• [THE DATA]
>>>

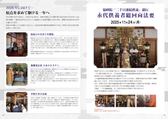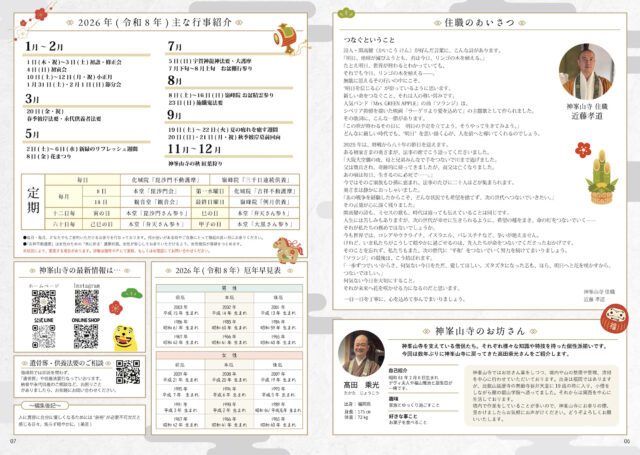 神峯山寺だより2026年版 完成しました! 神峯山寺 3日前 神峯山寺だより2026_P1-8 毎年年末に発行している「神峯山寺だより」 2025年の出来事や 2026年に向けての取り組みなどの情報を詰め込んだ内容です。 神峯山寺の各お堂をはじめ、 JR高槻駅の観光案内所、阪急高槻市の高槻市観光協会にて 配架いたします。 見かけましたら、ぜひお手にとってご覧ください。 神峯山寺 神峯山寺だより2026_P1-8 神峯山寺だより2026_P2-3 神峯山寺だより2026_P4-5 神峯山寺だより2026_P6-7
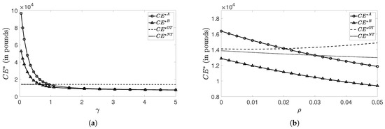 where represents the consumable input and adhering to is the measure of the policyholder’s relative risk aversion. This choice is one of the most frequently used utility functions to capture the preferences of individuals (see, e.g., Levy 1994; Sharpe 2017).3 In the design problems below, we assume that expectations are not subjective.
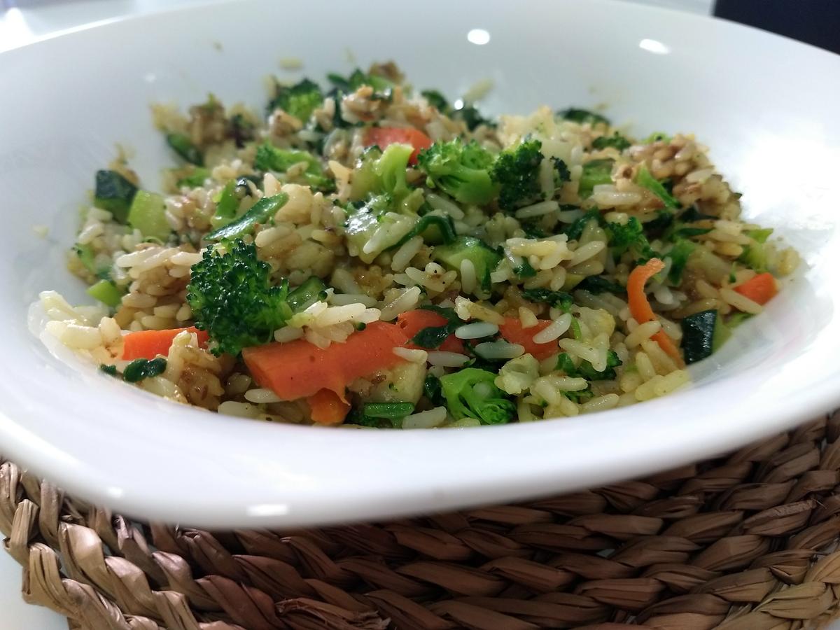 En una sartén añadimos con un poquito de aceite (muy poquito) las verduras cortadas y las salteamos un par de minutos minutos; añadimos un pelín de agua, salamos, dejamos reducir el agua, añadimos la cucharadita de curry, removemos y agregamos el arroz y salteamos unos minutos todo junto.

<<<

• [REQUIRED WORK] Line by line, output the material above exactly, passing over the pictures.

• [EXERCISE RESULT]
 神峯山寺だより2026年版 完成しました! 神峯山寺 3日前 神峯山寺だより2026_P1-8 毎年年末に発行している「神峯山寺だより」 2025年の出来事や 2026年に向けての取り組みなどの情報を詰め込んだ内容です。 神峯山寺の各お堂をはじめ、 JR高槻駅の観光案内所、阪急高槻市の高槻市観光協会にて 配架いたします。 見かけましたら、ぜひお手にとってご覧ください。 神峯山寺 神峯山寺だより2026_P1-8 神峯山寺だより2026_P2-3 神峯山寺だより2026_P4-5 神峯山寺だより2026_P6-7
 where represents the consumable input and adhering to is the measure of the policyholder’s relative risk aversion. This choice is one of the most frequently used utility functions to capture the preferences of individuals (see, e.g., Levy 1994; Sharpe 2017).3 In the design problems below, we assume that expectations are not subjective.
 En una sartén añadimos con un poquito de aceite (muy poquito) las verduras cortadas y las salteamos un par de minutos minutos; añadimos un pelín de agua, salamos, dejamos reducir el agua, añadimos la cucharadita de curry, removemos y agregamos el arroz y salteamos unos minutos todo junto.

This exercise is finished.